KickThemOut v3 is a complete ground-up rewrite in Rust of a classic network administration tool. It lets you selectively disconnect devices from your local network using ARP spoofing — a technique that manipulates the Address Resolution Protocol to intercept or disrupt traffic between devices and the gateway.
The "v3" represents a full standalone rebuild, not an incremental update. The goal was to take the core concept of network device management and deliver it with modern tooling: Rust's memory safety, an interactive terminal interface, and automatic cleanup when you're done.
Scans your /24 subnet using ARP requests, identifying every connected device with its IP, MAC address, and hardware vendor.
Navigate discovered devices with arrow keys and spacebar. Pick individual targets, select multiple devices, or choose the entire network.

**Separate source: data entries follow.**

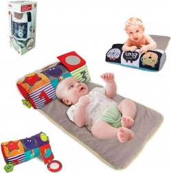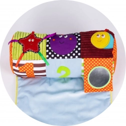 Kontrastní barvy, textury a drobné hračky podporují rozvoj zraku, hmatu a koordinace. Díky nízké hmotnosti je set ideální na doma i na cesty – vždy připravený k bezpečné hře a relaxaci.
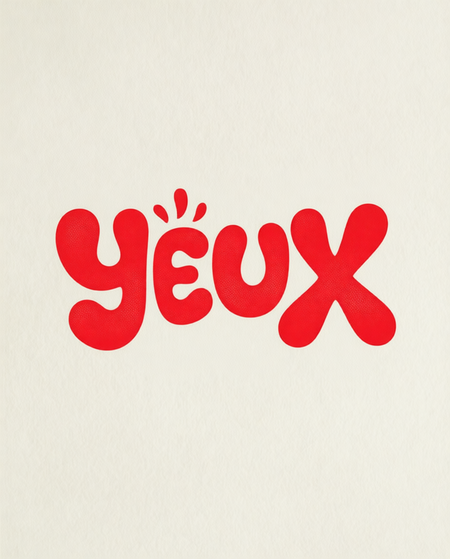 Prompt: Create a bold, retro-style logo with the word «YEUX» in vibrant red. The typography should be hand-drawn, bubbly, and slightly irregular — with rounded, organic letterforms that feel soft and tactile, like vintage candy or 1970s psychedelic signage. Add small decorative flourishes: above the «E», include three tiny curved lines or «eyelashes» to subtly hint at eyes (without literal eyeballs). Use a halftone dot texture within the red letters for a screen-printed, analog feel. Set the logo on a textured off-white or cream paper background to enhance the vintage aesthetic. Keep it minimalist, centered, and joyful — no extra elements, just the stylized wordmark. Style inspiration: mid-century graphic design meets pop art, with a touch of whimsy.
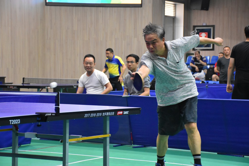 全场最年长的运动员刘西宁老师领衔湘钢一中代表队奋勇驰骋本次赛场。作为原工会主席的“西哥”是全市公认的乒坛“老大”,技术娴熟炉火纯青,直拍、横拍、扣球、旋转球、弧线球可以任意发挥,比赛时他巧妙的回球、犀利的扣球、侧身进攻,后退拉球,所有动作漂亮的都如行云流水一般,赢得场上阵阵掌声和喝彩。特别是他在男子单打决赛时互有攻防、比分跌宕,更让比赛充满了刺激与悬念,让观众倍感兴奋大呼过瘾。作为一名年近60岁的参赛选手,他浑厚的功底和强大的气场不仅赢得了全体观众与运动员的钦佩,更赢得了对手冠军及大赛组委会的敬重。
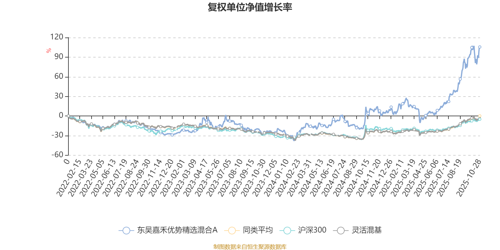 截至10月28日,东吴嘉禾优势精选混合A近三个月复权单位净值增长率为51.57%,位于同类可比基金37/1287;近半年复权单位净值增长率为106.96%,位于同类可比基金17/1287;近一年复权单位净值增长率为87.90%,位于同类可比基金28/1287;近三年复权单位净值增长率为164.94%,位于同类可比基金6/1286。
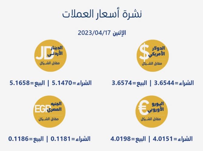 رام الله 17-4-2023 وفا- جاءت أسعار العملات مقابل الشيقل الإسرائيلي، اليوم الإثنين، حسب سلطة النقد، على النحو التالي:
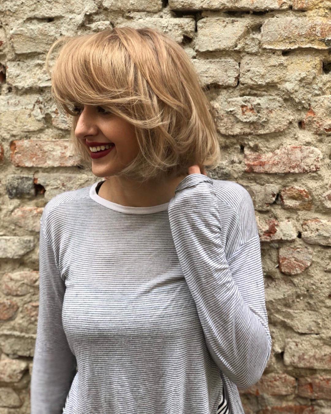 Looking to switch things up? Pairing your messy bob with some bangs is the perfect way to totally change your look. I’m obsessed with this combination.
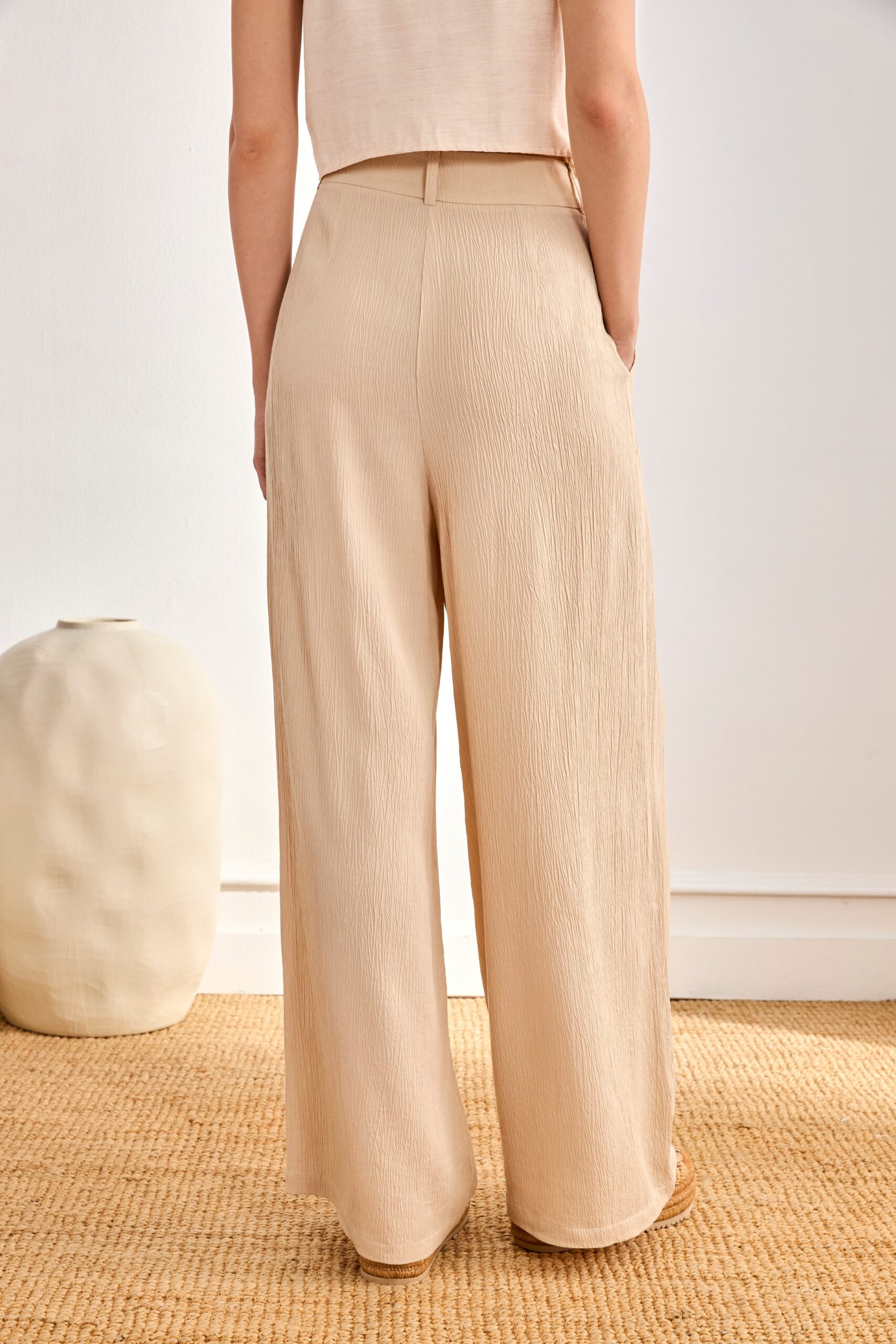 Pantalón largo en tejido efecto smoke con pinzas delanteras. Bolsillos laterales. Cierre oculto de presilla y cremallera.

Sends crafted ARP packets that poison the target's ARP cache, redirecting traffic away from the real gateway and effectively disconnecting the device.
When you stop the tool, ARP tables are automatically restored to their correct state. No permanent damage to the network.
ARP operates on trust — devices accept ARP replies without verification. KickThemOut exploits this by sending false ARP replies that associate the gateway's IP with an invalid MAC address, causing the target device to send traffic to a non-existent destination.
Network tools that craft raw packets need to be reliable and precise. Rust's ownership model prevents the memory bugs that commonly plague low-level networking code in C. The tool requires root/sudo access for raw packet manipulation, so safety guarantees at the language level are especially valuable here.